American basketball executive (1927–2008)

Joseph A. Axelson (December 25, 1927 – May 31, 2008) was an American sports executive who served as general manager of Cincinnati Royals/Kansas City Kings/Sacramento Kings from 1969 to 1979 and again from 1982 to 1988. He played a role in the franchise's relocation from Cincinnati to Kansas City-Omaha, and then on to Sacramento, California.

==Early life and career==
Axelson was born on December 25, 1927, in Peoria, Illinois. He grew up in Clinton, Illinois, where his father was the high school basketball coach from 1928 to 1947. Axelson's first job came at the age of 15 when he began working as a dispatcher for the Illinois Central Railroad. In 1947, Axelson graduated from Officer Candidate School at Fort Benning. From 1947 to 1949, was the officer in charge of the Armed Forces Radio Service station in Whittier, Alaska. He was then stationed at Fort Gordon, where he coached the base's basketball and baseball teams. While stationed here, From 1954 to 1956, Axelson attended Georgia Teachers College (now Georgia Southern University), where he also served as sports publicity director and edited The George-Anne. After a one-year stint as the sports publicist at Furman University, Axelson returned to GTC as the school's public relations director. He also hosted a twice-daily sports broadcast on WWNS. In 1960, Axelson left Georgia Southern to become sports director of WPDQ in Jacksonville, Florida. In 1961, Axelson became the publicity director of the National Association of Intercollegiate Athletics. Three years later he became the NAIA's assistant executive secretary.

==Cincinnati Royals==
On April 16, 1969, the Cincinnati Royals hired Axelson as the team's new general manager. The Royals, who were suffering from declining attendance, chose Axelson based on his reputation as a promoter with the NAIA. According to owner Max Jacobs, Axelson would be in charge of promoting the team while former GM Pepper Wilson, who was promoted to vice president, would handle player development, contracts, player transactions, and scouting. However, Wilson soon left the team to become the public relations director for the Cincinnati Zoo, leaving Axelson in charge. Soon after his hiring, Axelson commissioned a study on relocating the Royals to Kansas City, Missouri, where Axelson had worked with the NAIA and the Jacobs family controlled concessions.

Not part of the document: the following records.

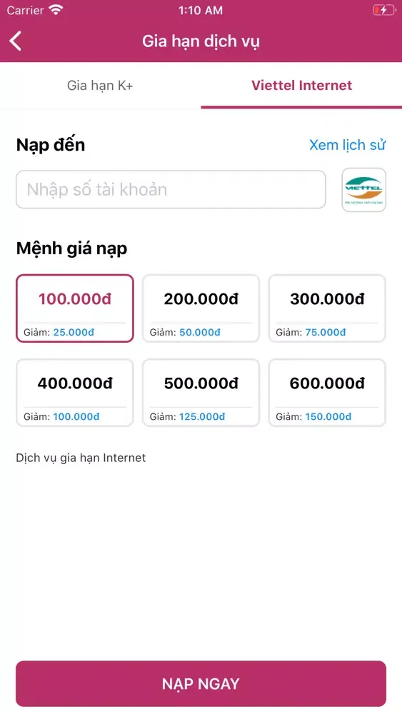 - Nhập số điện thoại/mã thuê bao internet/ mã k+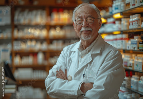 Senior pharmacist smiling confidently in a busy pharmacy with shelves of medicine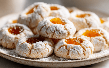 Це печиво готується на мигдалевому борошні, так воно виходить злегка хрумким зовні, але м’яким усередині. А цукрова пудра додає яскраві тріщинки під час випікання. Джем краще додавати вже після повного охолодження печива, щоб зберегти чітку форму та текстуру.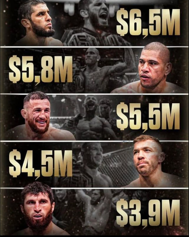 სიის ლიდერი კი UFC-ს ორი წონის ჩემპიონი ისლამ მახაჩევია (6.5 მილიონი აშშ დოლარი).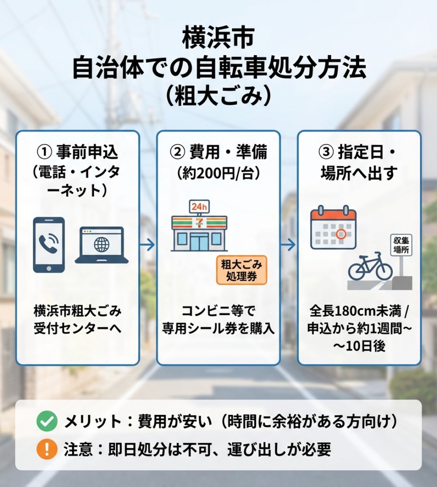 横浜市で不要になった自転車を自治体に処分してもらう場合、基本的には「粗大ごみ」として申し込み、収集してもらうか、自分で持ち込む方法があります。

In an effort to increase attendance, Axelson added 41-year old head coach Bob Cousy to the roster. Axelson traded Bill Dinwiddie and a draft pick to the Boston Celtics in exchange for Cousy's playing rights. That same year, Axelson dealt Jerry Lucas and Adrian Smith, whose style of play was not suited to Cousy's fast-break offense, to the San Francisco Warriors in separate trades. The Royals received Jim King and Bill Turner in exchange for Lucas and a 1970 2nd round pick in exchange for Smith. The team finished with a 36–46 record, their worst since the 1960–61 season. During the offseason, Axelson traded star Oscar Robertson for Flynn Robinson and Charlie Paulk, both of whom were not effective with the Royals. One game into the 1970–71 season, Axelson traded the team's third leading scorer from the previous season, Fred Foster, and Connie Dierking to the Philadelphia 76ers in exchange for Darrall Imhoff. Due to the loss of many of their popular players, the Royals only drew 4,600 fans to their 1970–71 home opener. Four days later the team's attendance dropped to 2,500.

==Kansas City–Omaha Kings==
For the 1971–72 season, the Royals averaged only 3,357 fans. On March 14, 1972, Axelson announced that the team planned to move to Kansas City, Missouri. The team would play between 21 and 26 of their 41 home games in Kansas City with the remainder to be played in either Omaha, Nebraska, or St. Louis, Missouri, due to a lack of available dates at Municipal Auditorium. When the team moved to Kansas City, Axelson was promoted to team president. Following the King's first season in Kansas City, Axelson won the first NBA Executive of the Year Award. On June 25, 1973, the Jacobs family sold the Kings for $5 million to Missouri Valley Pro Sports, Inc., a group of Kansas City businessmen headed by Ray Evans and H. Paul Rosenberg that also included Axelson. On October 16, 1973, Axelson received a three-year contract extension. In 1975, the NAIA chose Axelson to serve as its executive secretary, however he was unable to get out of his contract with the Kings and had to turn down the job. Magic Johnson had strongly considered leaving Michigan State after the 1977–78 season to join the NBA, but after meeting with Axelson he changed his mind, because the Kings were in line to have a high draft pick and Magic was completely unimpressed by Axelson and considered the notion of being chosen by him in the 1978 draft a non-starter. On July 11, 1979, Axelson announced that he would become the NBA's vice president for operations. He remained with the Kings into the start of the 1979–80 season to assist the club with its move from Kemper Arena to Municipal Auditorium following the collapse of Kemper Arena's roof.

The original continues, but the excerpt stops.